BEGIN Task material

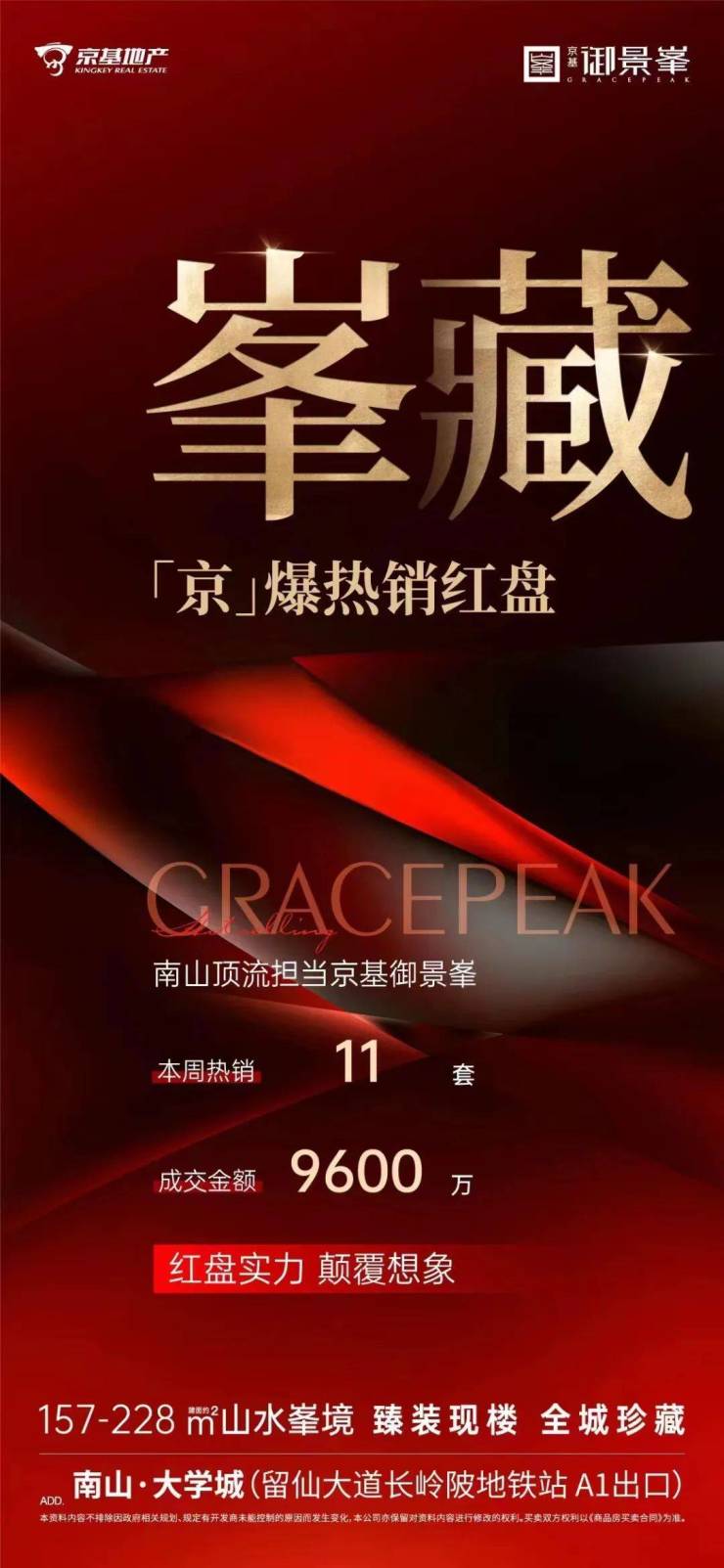 位于西丽的大学城片区的京基御景峯,上周热销11套房源,这样的成绩,正如其海报所说,堪称南山公寓界的顶流。
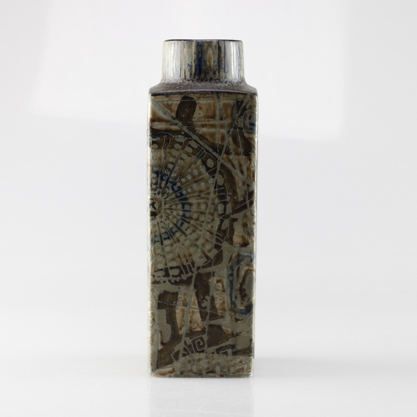 Kvadratisk vase med et kunstværk af brunlige farver
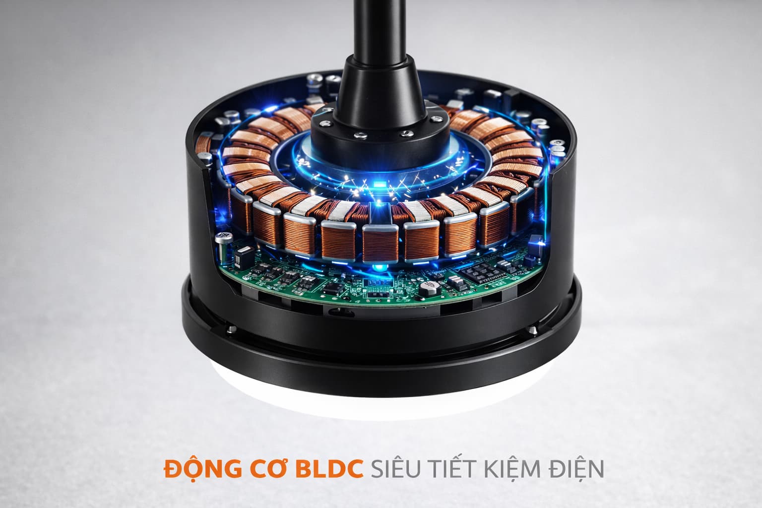 Sản phẩm sử dụng động cơ BLDC (Brushless DC) - công nghệ nam châm vĩnh cửu không chổi than. Đây là mẫu quạt trần động cơ DC tiết kiệm điện tiêu biểu:
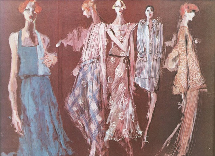 Hand drawing is beautiful if you are gifted that way, and your portfolio should feature it proudly. Go old school with a beautifully illustrated design that fills the page but for a couple of swatches pinned beside it. Check out the timeless compositions of fashion illustrators from the past like Kenneth Paul Block or René Gruau. Gaudy Photoshopped backgrounds for your illustrations are distracting and unnecessary, and a curse of some schools. They will not get you a design job or compensate for the fact that your designs are weak.
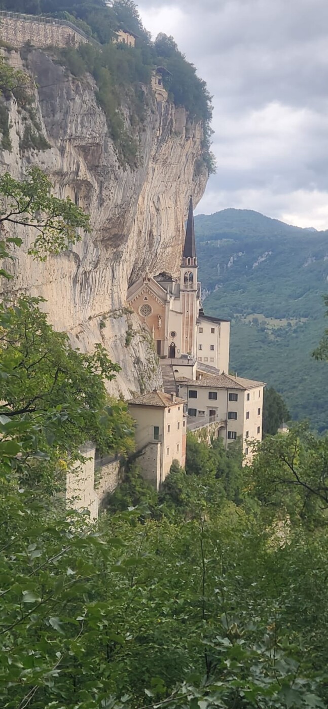 Der Montag führte die Gruppe ins Etschtal nach Spiazzi. Ein Weg mit vielen Treppenstufen geleitete hinunter zur Wallfahrtskirche Madonna della Corona. In schwindelerregender Höhe (774 m) an eine senkrecht abfallende Felswand gebaut, war es ein spektakulärer Anblick und das Glockengeläut weit ins Tal hörbar. Nach Besichtigung der Kirche ging es zurück nach Spiazzi und mit dem Bus nach Garda. Dort fand der Nachmittag Ausklang bei leckerem Eis und Cappuccino.
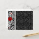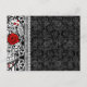 Thank Y0u Calveras Sugar Skull Postcard. Features a black n grey damask background with fancy flourishes on top of it. Black and white sugar skull on top for a cool, urban Day of the Dead look! Red roses for eyes
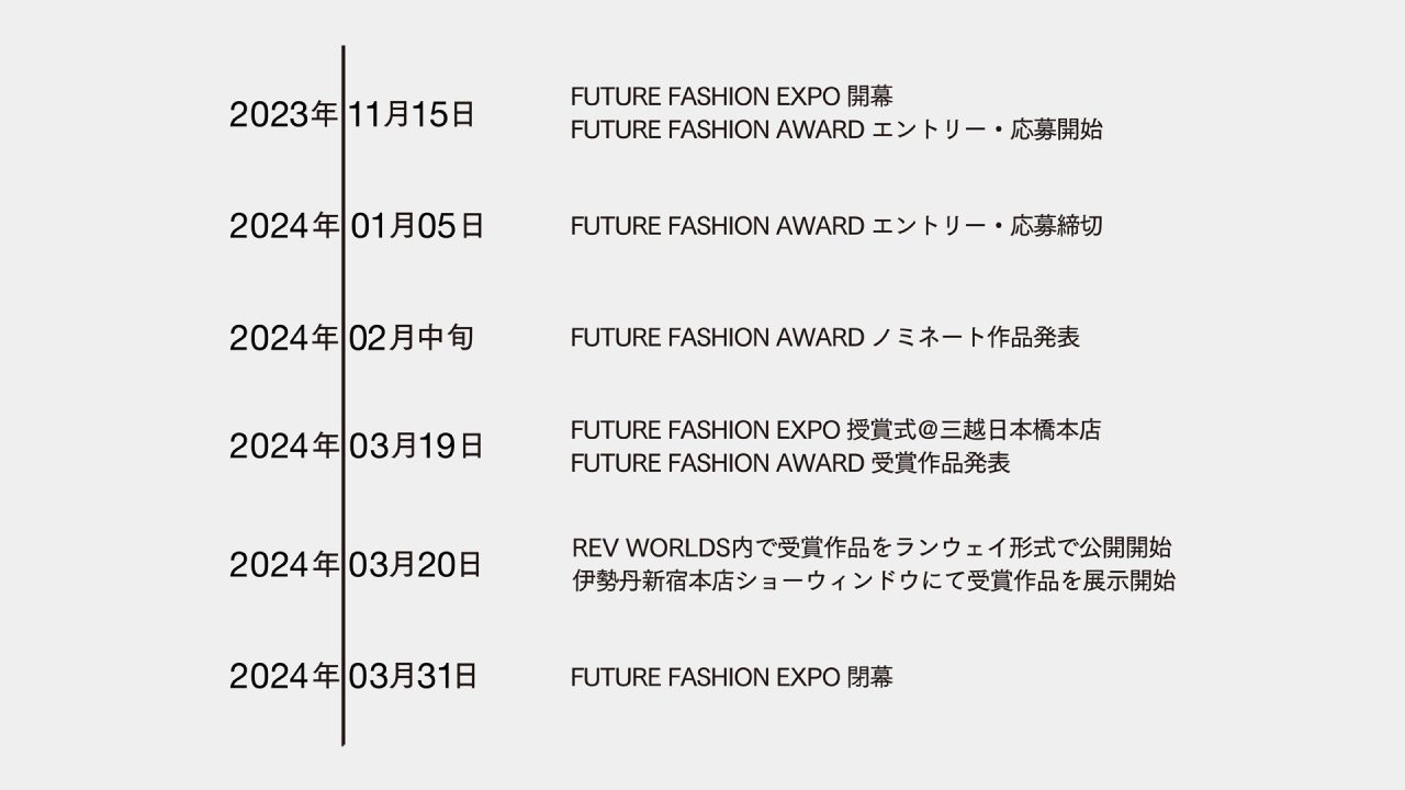 三越伊勢丹にとって初めての取り組みとなる「もしもの未来の暮らしから、ファッションの可能性を考える」リアル×メタバース横断型イベント「FUTURE FASHION EXPO (フューチャー ファッション エキスポ)」が3月31日(日)まで開催している。メイン企画であるファッションデザインコンテスト「FUTURE FASHION AWARD」では、ファッションアイデアを募集中。

END Task material

■ Assigned task
Please retype exactly the lines from the line containing "Thank Y0u Calveras" through the final line of the records above, inclusive, leaving out any pictures.

■ Solution to this problem
 Thank Y0u Calveras Sugar Skull Postcard. Features a black n grey damask background with fancy flourishes on top of it. Black and white sugar skull on top for a cool, urban Day of the Dead look! Red roses for eyes
 三越伊勢丹にとって初めての取り組みとなる「もしもの未来の暮らしから、ファッションの可能性を考える」リアル×メタバース横断型イベント「FUTURE FASHION EXPO (フューチャー ファッション エキスポ)」が3月31日(日)まで開催している。メイン企画であるファッションデザインコンテスト「FUTURE FASHION AWARD」では、ファッションアイデアを募集中。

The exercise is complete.